Segundo Ries, a líder de sempre.
A New Coke, que a pesquisa mostrou ter o melhor sabor, está em terceiro
lugar. A Coca-Cola Classic, que a empresa mostrou ter o pior sabor, está em
primeiro lugar. As pessoas acreditam naquilo que querem acreditar (...) o
mercado de refrigerantes é uma batalha de percepções, não de sabor. (ibid.:
17)
Fábricas modernas, exemplos de produção, logística, caminhões, propaganda,
tudo é mágico “dentro” e “fora”. A marca é tudo isso. É um léxico de
contigüidade neural, como já mencionado.
Posicionamento estratégico, vantagens competitivas sustentáveis, escopo da
cadeia de valor, marketing, mente e marca são o conjunto que a empresa deve
administrar.
A Coca-Cola fará tudo para ser a no 1 na mente de todos. Essa é a sua
estratégia.
Concluindo, segundo Kotler (1999), Ries (2000) e Nobrega (2001), a marca
deve forjar a sua escolha estratégica orientada pelo marketingmind approach.
Isto é, tanto o seu posicionamento estratégico quanto as vantagens
competitivas sustentáveis devem ser administradas sob essa abordagem.
Identidade e imagem de marca precisam estar sincronizadas. Tanto “fora”
quanto “dentro”, a marca é uma só. A missão é a marca; a marca é a missão.

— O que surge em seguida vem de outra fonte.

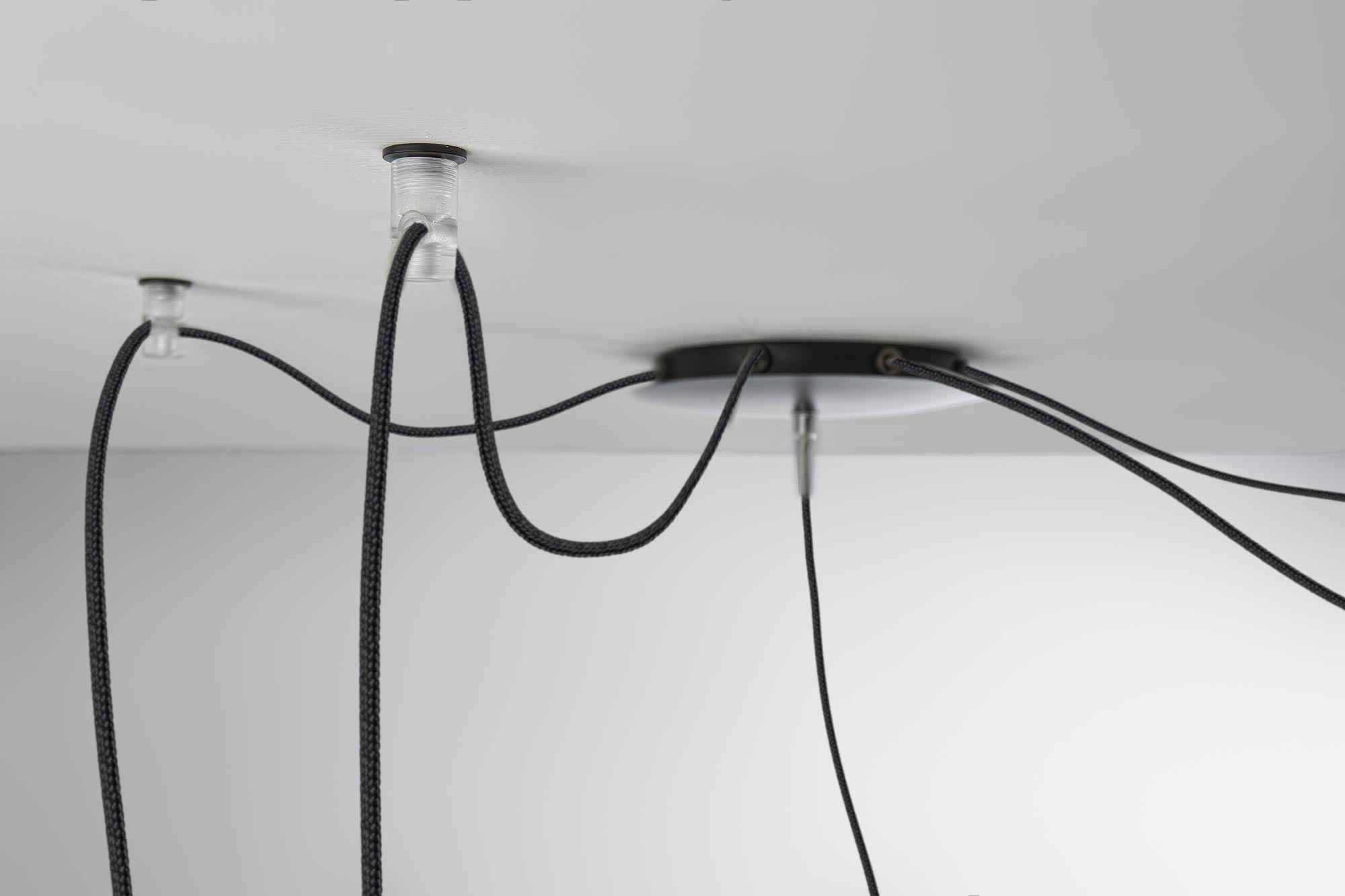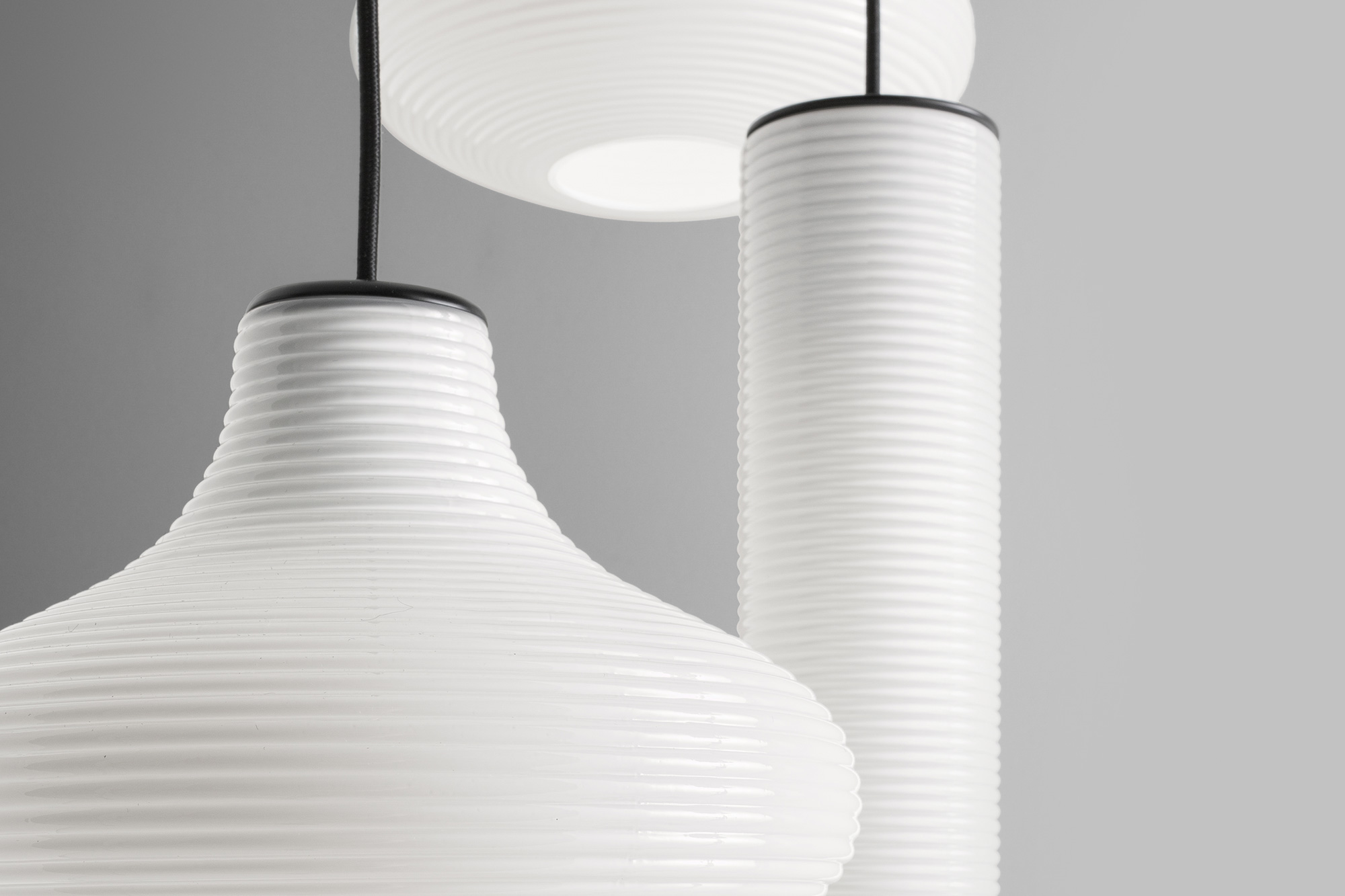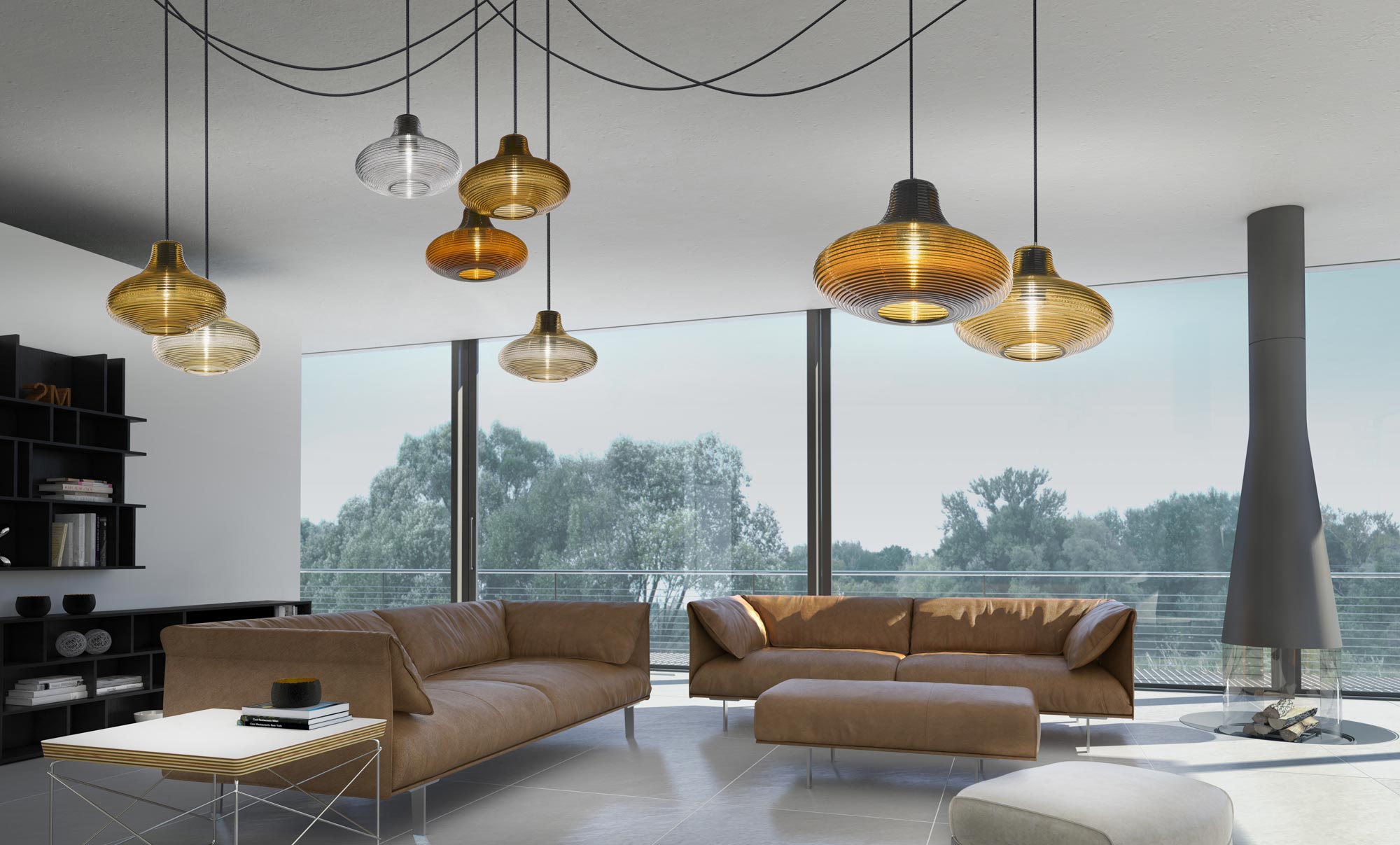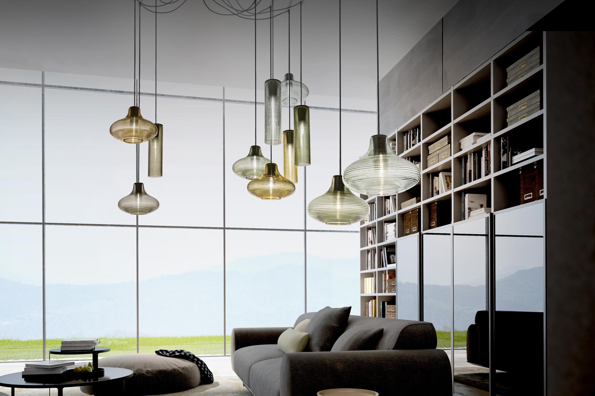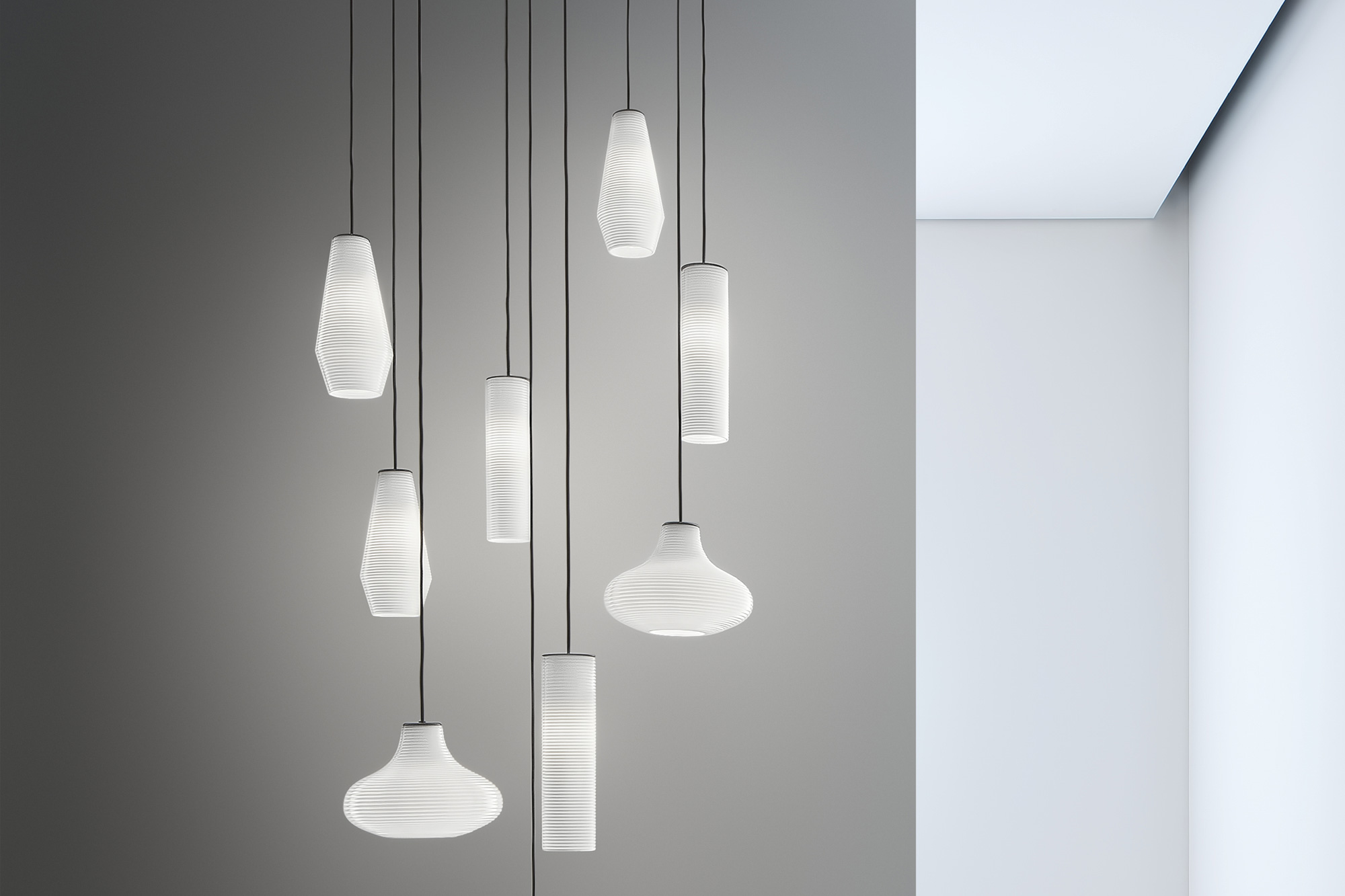 Lampada a sospensione in vetro soffiato con particolare finitura a coste dal gusto retrò. Rosone in metallo rifinito con vernice poliacrilica in color nero o nella nuova versione ottone satinato. Emissione di luce diffusa con attacco E27 e lampadina LED con filamenti a vista inclusa. Vetro soffiato disponibile in 7 colorazioni: cristallo, acciaio, ambra, bronzo, tabacco, verde e bianco lucido. Cavi elettrici in tessuto nero con possibilità di personalizzarne la lunghezza. Rosone a 8 uscite (+1 centrale). Ideale per strutture hospitality o zone living residenziali.

A decisão de um marketingmind brand positioning (posicionamento da marca na
mente e no mercado), depende da análise que se faz do léxico: estratégia,
marketing, marca e mente dentro de um cenário competitivo. É uma opção que
não se pode mudar, depois de fixada. Para vencer a competição, a marca deve
ser fiel à estratégia com muita criatividade.